Several Microsoft COM objects distributed with various products contain insecure IObjectSafety parameters that could allow a remote attacker to instantiate a vulnerable ActiveX component, which could result in multiple impacts on an affected system.
The vulnerability exists because the controls can execute in an environment in which they were never intended to run. This is because the affected components are marked as safe for scripting and safe for initialization. This may allow control execution without warning within the Internet Zone of Internet Explorer. A remote attacker could exploit this vulnerability via a malicious HTML web page or e-mail message to write arbitrary files to the affected system
(CVE-2005-0360), create a buffer overflow condition that could allow the execution of arbitrary code (CVE-2005-2087), or corrupt system memory in a way that allows execution of arbitrary code (CVE-2005-1990, CVE-2005-2831, and CVE-2006-1186).
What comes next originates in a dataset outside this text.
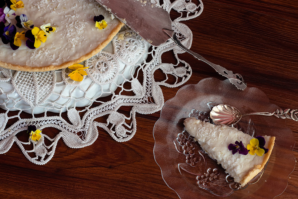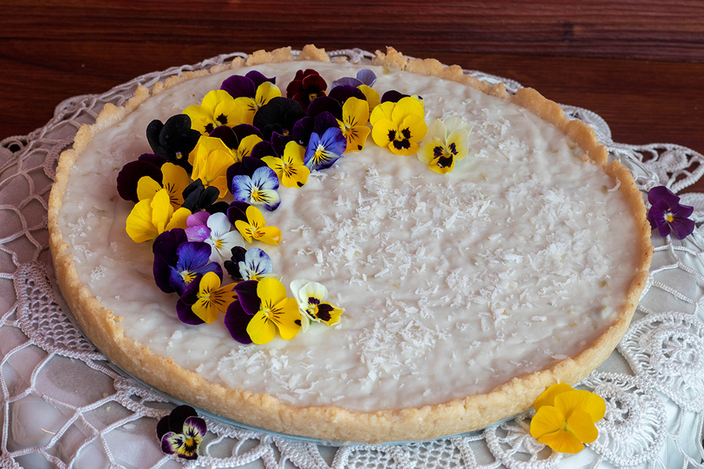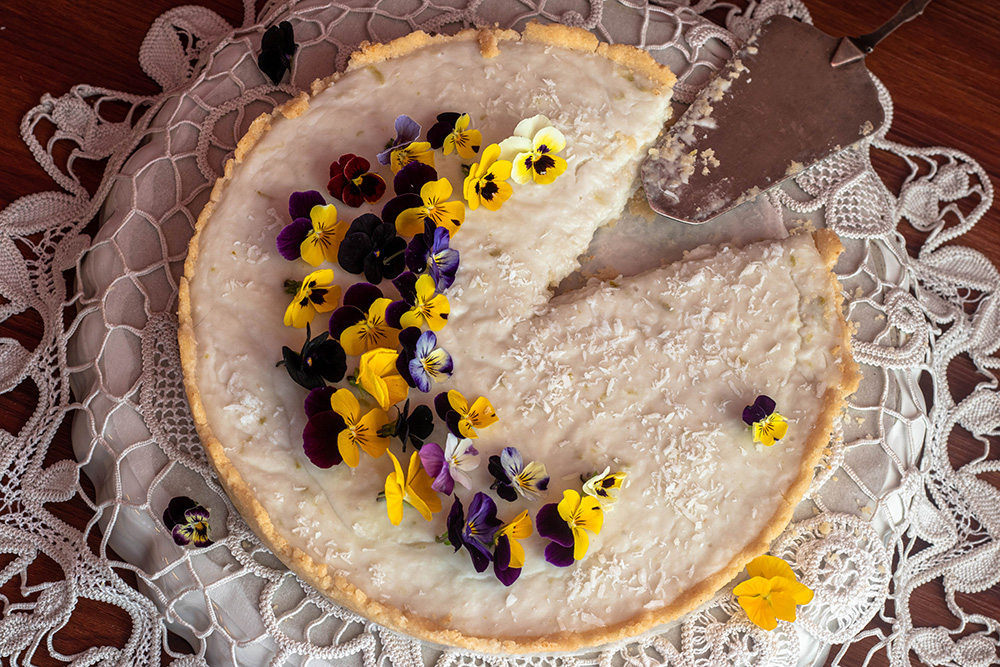 Върнете формата във фурната и печете на 175 градуса около 15 минути. Извадете от фурната и, след като се охлади малко, приберете в хладилника за няколко часа преди сервиране. Декорирайте с кокосови стърготини, кора от лайм или (както направих аз) с ядливи цветя. Те не променят нито допринасят с нещо за вкуса, но пък правят тарта много красив.

Internet Explorer does not properly instantiate the blnmgr.dll, devenum.dll, diactfrm.dll, fsusd.dll, dmdskmgr.dll, browsewm.dll, mshtml.dll, infosoft.dll, query.dll, syncui.dll, clbcatex.dll, comsvcs.dll, javaprxy.dll, mdt2gddr.dll, mdt2dd.dll, mdt2gddo.dll, msconf.dll, msdtctm.dll, mmsys.cpl, pkmcore.dll,
qedit.dll, shell32.dll, wbemess.dll, wmiprov.dll, and wmm2filt.dll COM objects. Upon instantiation, Internet Explorer attempts to use the COM objects with ActiveX controls. This can cause memory corruption and allow the attacker to execute arbitrary code with the privileges of the system user.
Proof-of-concept code is available to demonstrate the vulnerability in the COM objects in Internet Explorer 6.0 Service Pack 2.
Microsoft has acknowledged these vulnerabilities with security bulletins and has released patches.